From strtok man page... "The first time that strtok() is called, str should be specified; subsequent calls, wishing to obtain further tokens from the same string, should pass a null pointer instead."

Really?? a null pointer.. This is valid code:

  char str[] = "C is fucking weird, ok? I said it, sue me.";
  char *result = strtok(str, ",");
  char *res = strtok(NULL, ",");
Why is that ok?
You have to understand the context, and the time period. Memory and CPU cycles were precious. All computers being 24/7 networked wasn't a thing, so security wasn't much of a concern. API design tended to reflect that.
Not mentioned in my initial comment, but yeah, I'm viscerally aware of the affect the time period and resources at the time have on API design in C and other languages from that time period.

The null pointer in place of the operand here just seemed like a really good quirk to point out

It's like this because the 1970s C programmer, typically a single individual, is expected to maintain absolute knowledge of the full context of everything at all times.
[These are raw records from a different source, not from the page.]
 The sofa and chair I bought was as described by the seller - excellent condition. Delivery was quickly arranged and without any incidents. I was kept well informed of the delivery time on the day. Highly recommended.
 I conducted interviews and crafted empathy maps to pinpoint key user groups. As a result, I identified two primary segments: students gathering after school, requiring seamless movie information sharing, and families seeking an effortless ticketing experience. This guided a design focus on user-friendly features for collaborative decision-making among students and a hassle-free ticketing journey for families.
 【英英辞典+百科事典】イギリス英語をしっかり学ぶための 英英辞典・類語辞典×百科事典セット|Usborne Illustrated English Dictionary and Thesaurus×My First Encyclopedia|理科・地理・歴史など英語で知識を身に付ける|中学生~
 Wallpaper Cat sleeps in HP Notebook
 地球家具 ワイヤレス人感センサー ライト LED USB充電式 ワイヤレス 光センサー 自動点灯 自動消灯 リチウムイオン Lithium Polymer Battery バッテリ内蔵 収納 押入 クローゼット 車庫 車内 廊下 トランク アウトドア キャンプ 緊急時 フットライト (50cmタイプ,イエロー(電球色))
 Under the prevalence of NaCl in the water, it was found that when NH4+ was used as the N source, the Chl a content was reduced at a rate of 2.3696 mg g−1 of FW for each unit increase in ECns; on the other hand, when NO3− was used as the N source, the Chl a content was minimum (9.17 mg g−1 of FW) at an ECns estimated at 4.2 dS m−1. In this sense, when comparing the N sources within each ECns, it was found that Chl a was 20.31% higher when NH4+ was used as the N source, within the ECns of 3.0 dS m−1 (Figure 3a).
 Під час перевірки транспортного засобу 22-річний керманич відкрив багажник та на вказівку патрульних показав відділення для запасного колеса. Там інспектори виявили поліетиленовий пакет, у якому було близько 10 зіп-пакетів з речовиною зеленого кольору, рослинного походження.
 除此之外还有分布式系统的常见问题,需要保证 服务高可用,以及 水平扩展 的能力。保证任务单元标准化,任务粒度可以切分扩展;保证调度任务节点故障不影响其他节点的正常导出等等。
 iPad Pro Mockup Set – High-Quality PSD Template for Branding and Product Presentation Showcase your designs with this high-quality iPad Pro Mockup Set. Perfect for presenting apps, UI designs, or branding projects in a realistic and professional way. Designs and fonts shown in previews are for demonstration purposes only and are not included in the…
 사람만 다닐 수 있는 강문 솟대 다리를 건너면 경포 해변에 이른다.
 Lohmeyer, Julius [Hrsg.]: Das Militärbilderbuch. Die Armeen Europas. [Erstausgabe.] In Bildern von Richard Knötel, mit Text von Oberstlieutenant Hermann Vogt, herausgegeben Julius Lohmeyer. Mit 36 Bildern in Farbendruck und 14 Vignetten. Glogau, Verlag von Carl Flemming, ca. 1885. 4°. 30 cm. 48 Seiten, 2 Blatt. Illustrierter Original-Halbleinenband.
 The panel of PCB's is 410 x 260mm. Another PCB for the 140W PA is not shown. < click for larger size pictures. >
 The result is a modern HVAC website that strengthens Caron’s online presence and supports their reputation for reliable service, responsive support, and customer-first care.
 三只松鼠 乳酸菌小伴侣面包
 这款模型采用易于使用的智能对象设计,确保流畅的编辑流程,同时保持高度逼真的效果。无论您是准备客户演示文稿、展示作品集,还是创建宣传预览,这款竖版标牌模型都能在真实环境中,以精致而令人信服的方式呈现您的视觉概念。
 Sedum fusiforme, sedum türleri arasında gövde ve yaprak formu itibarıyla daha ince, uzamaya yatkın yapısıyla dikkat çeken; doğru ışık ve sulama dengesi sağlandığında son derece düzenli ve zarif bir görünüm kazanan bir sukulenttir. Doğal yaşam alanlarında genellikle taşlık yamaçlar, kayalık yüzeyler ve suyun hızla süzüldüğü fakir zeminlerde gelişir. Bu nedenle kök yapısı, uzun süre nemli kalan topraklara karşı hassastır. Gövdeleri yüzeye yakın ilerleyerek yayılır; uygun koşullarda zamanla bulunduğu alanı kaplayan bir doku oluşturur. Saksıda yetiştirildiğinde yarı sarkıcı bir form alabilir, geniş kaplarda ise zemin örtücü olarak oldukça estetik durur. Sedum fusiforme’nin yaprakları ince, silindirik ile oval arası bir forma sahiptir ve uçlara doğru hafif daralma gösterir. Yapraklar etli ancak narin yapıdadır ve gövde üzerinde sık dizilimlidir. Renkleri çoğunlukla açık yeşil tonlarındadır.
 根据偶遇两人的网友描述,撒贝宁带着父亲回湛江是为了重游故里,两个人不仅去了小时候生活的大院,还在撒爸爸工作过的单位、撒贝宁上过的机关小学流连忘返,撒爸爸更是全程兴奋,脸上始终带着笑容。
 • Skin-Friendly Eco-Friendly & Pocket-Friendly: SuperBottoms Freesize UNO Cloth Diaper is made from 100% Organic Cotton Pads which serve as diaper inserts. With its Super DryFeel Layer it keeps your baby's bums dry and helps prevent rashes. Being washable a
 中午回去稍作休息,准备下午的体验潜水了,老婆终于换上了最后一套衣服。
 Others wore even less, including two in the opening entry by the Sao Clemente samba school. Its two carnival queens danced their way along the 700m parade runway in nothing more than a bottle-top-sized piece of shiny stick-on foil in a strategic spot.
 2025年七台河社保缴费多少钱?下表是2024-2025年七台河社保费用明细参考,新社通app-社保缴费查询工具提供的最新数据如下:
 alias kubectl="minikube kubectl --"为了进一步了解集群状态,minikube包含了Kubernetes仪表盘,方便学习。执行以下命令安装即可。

So these functions (the old non-re-entrant C functions) just assume you - that solo programmer - will definitely know which string you're currently tokenising and would never have say, a sub-routine which also needs to tokenize strings.

All of this is designed before C11, which means that hilariously it's actually always Undefined Behaviour to write multi-threaded code in C. There's no memory ordering rules yet in the language, and if you write a data race (how could you not in multi-threaded code) then the Sequentially Consistent if Data Race Free proof, SC/DRF does not apply and in C all bets are off if you lose Sequential Consistency† So in this world that's enough, absolute mastery and a single individual keeping track of everything. Does it work? Not very well but hey, it was cheap.

† This is common and you should assume you're fucked in any concurrent language which doesn't say otherwise. In safe Rust you can't write a data race so you're always SC, in Java losing SC is actually guaranteed safe (you probably no longer understand your program, but it does have a meaning and you could reason about it) but in many languages which say nothing it's game over because it was game over in C and they can't do better.